- _Material to process_
=== Begin Enclosure ===

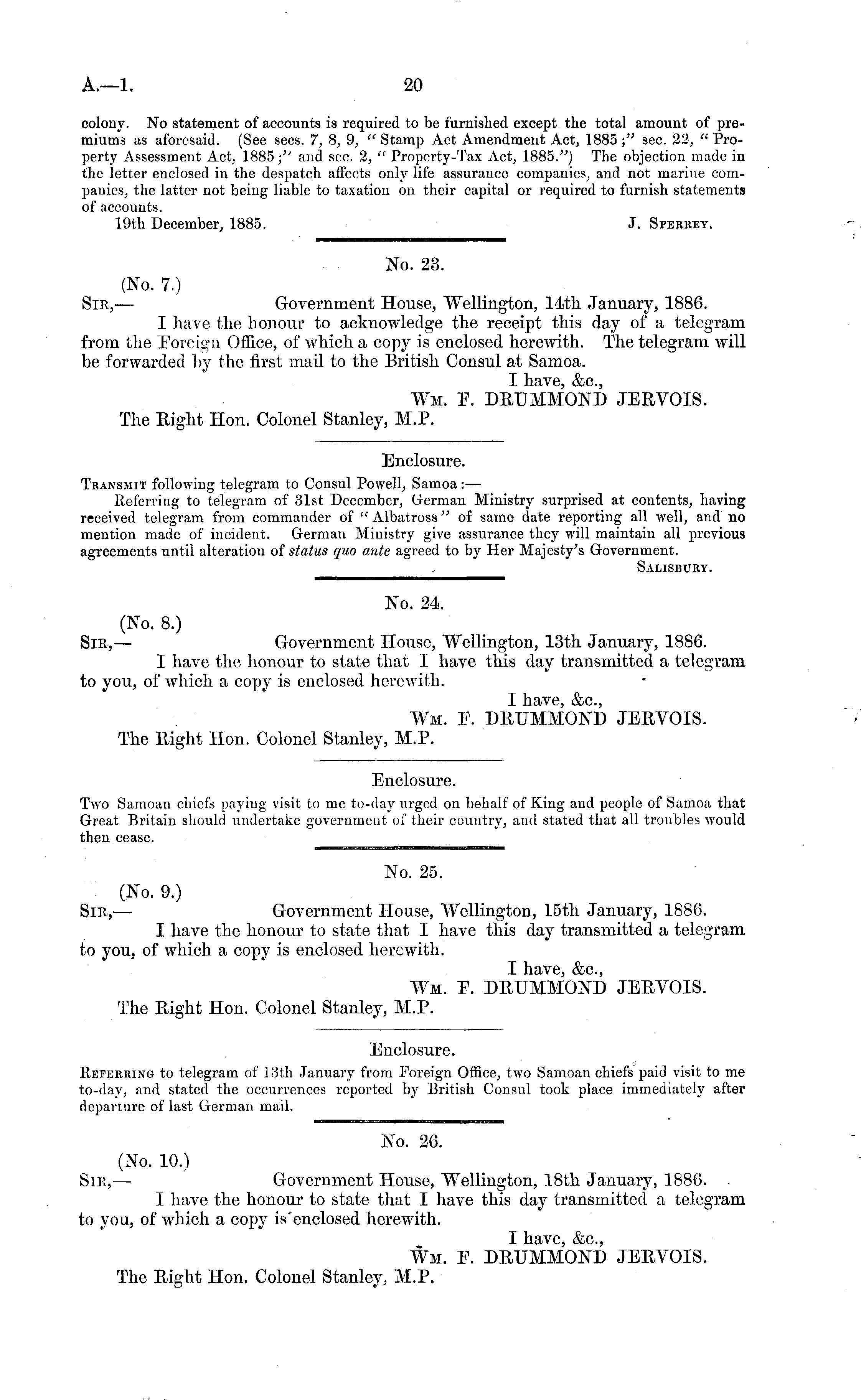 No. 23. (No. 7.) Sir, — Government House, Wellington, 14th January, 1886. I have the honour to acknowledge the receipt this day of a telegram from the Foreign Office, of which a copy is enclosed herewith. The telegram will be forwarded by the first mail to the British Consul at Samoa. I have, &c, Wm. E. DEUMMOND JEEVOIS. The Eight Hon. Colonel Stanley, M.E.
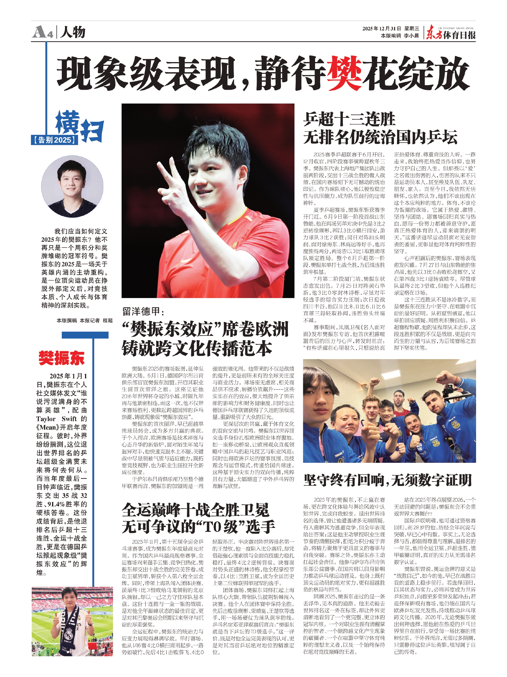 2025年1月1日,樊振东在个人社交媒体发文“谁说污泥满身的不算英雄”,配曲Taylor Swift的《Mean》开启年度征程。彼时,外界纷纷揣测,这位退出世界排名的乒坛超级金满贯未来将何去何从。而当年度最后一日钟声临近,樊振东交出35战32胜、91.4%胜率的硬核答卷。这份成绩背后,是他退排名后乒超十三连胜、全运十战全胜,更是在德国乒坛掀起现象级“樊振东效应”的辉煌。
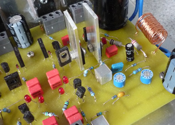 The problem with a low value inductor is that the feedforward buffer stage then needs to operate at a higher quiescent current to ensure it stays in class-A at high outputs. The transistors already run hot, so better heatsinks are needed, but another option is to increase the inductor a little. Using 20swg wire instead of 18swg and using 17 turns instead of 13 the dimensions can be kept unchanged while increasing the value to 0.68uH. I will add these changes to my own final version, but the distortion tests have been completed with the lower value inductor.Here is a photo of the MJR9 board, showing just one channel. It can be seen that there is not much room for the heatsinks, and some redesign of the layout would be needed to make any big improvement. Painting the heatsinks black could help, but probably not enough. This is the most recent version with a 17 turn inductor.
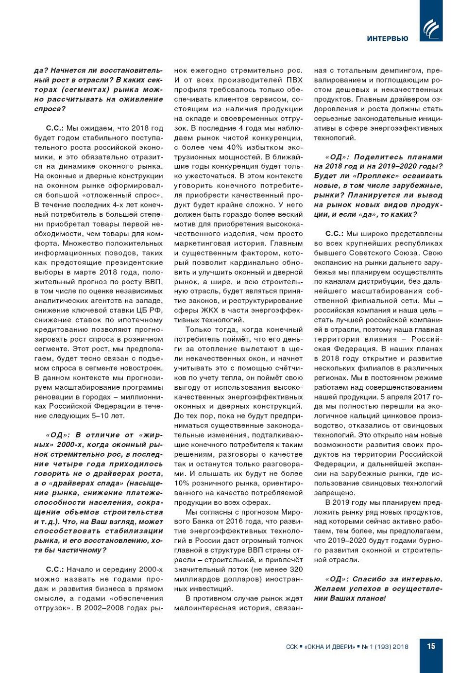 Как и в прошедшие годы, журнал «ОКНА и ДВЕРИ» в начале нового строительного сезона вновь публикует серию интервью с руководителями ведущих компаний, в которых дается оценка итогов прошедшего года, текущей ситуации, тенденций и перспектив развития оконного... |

=== End Enclosure ===
=== Begin Enclosure ===

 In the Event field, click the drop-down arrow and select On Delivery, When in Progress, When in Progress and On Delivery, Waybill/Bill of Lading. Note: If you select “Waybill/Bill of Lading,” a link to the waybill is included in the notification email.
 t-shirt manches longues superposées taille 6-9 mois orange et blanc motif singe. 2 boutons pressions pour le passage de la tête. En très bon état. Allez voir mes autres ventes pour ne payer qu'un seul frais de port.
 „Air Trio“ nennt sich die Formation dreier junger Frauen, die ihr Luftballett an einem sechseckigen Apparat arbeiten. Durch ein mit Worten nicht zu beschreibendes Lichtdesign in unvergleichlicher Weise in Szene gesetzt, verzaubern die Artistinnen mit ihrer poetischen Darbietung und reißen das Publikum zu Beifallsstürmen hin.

=== End Enclosure ===

- _Work task_
In the listing above, find the line holding "t-shirt manches longues" and the line holding "zu Beifallsstürmen hin.", then output those two lines and every line between them exactly.

- _Answer space_
 t-shirt manches longues superposées taille 6-9 mois orange et blanc motif singe. 2 boutons pressions pour le passage de la tête. En très bon état. Allez voir mes autres ventes pour ne payer qu'un seul frais de port.
 „Air Trio“ nennt sich die Formation dreier junger Frauen, die ihr Luftballett an einem sechseckigen Apparat arbeiten. Durch ein mit Worten nicht zu beschreibendes Lichtdesign in unvergleichlicher Weise in Szene gesetzt, verzaubern die Artistinnen mit ihrer poetischen Darbietung und reißen das Publikum zu Beifallsstürmen hin.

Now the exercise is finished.